I am extracting data from Cassandra (3.10) to Spark2 using the spark-cassandra-connector (latest version, i think 2.0.3). I want to know if there is a way to extract from multiple primary keys in one query. The PKs are atomic (only one field defines the key). But they are hashes so I cannot do range queries. Is there a way to extract
val set = Set(hash1,hash2,hash3)
in one call sc.cassandraTable("keyspace","table").where("id =?",set)
or something to this effect.
I am using Scala with Spark.
Edit:
One suggestion was to use the following approach
sc.cassandraTable("keyspace","table").where("id in ?",set)
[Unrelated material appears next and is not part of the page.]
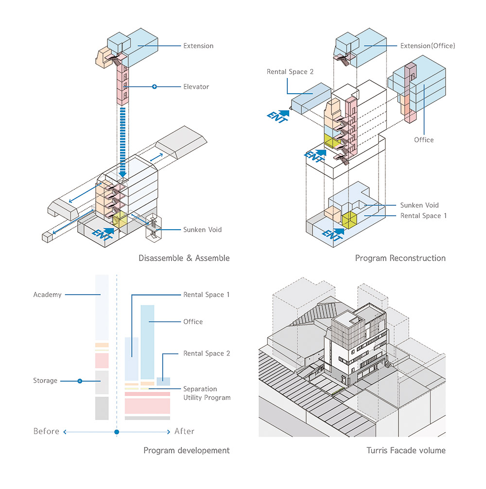 The residents of this redevelopment area have been left without change for a long time due to various conflicts and political reasons. This neighborhood that has not even tried a small change for a bigger change is ailing deeper for such a reason. At the desperate time when a new owner is eagerly awaited to appear after the building had been abandoned empty for so long, the client full of the adventurous mind bought it, and lively wind started blowing. From before Christ, Turis had the function of a fairly difficult building that accompanied the extreme human labor displaying the power of the ruler, but its role of sacredness and a local landmark with a unique message was prioritized. The façade of the concise design language, erected carefully and neatly as if building up heavy stones one by one, contrasts with the old and chaotic alleys to revitalize the neighborhood.

The problem with this approach is that when I try to use the data extracted this way I get the following error:
org.apache.spark.SparkException: Job aborted due to stage failure: Task 0 in stage 8463.0 failed 4 times, most recent failure: Lost task 0.3 in stage 8463.0 (TID 25187, worker2, executor 28): java.io.IOException: Exception during preparation of SELECT "sha256", "id", "label", "label_version", "data" FROM "keyspace"."data" WHERE sha256 in ? ALLOW FILTERING: Cannot convert object [Ljava.lang.String;@2e5a7dfc of type class [Ljava.lang.String; to java.util.ArrayList[AnyRef].
at com.datastax.spark.connector.rdd.CassandraTableScanRDD.createStatement(CassandraTableScanRDD.scala:323)
at com.datastax.spark.connector.rdd.CassandraTableScanRDD.com$datastax$spark$connector$rdd$CassandraTableScanRDD$$fetchTokenRange(CassandraTableScanRDD.scala:339)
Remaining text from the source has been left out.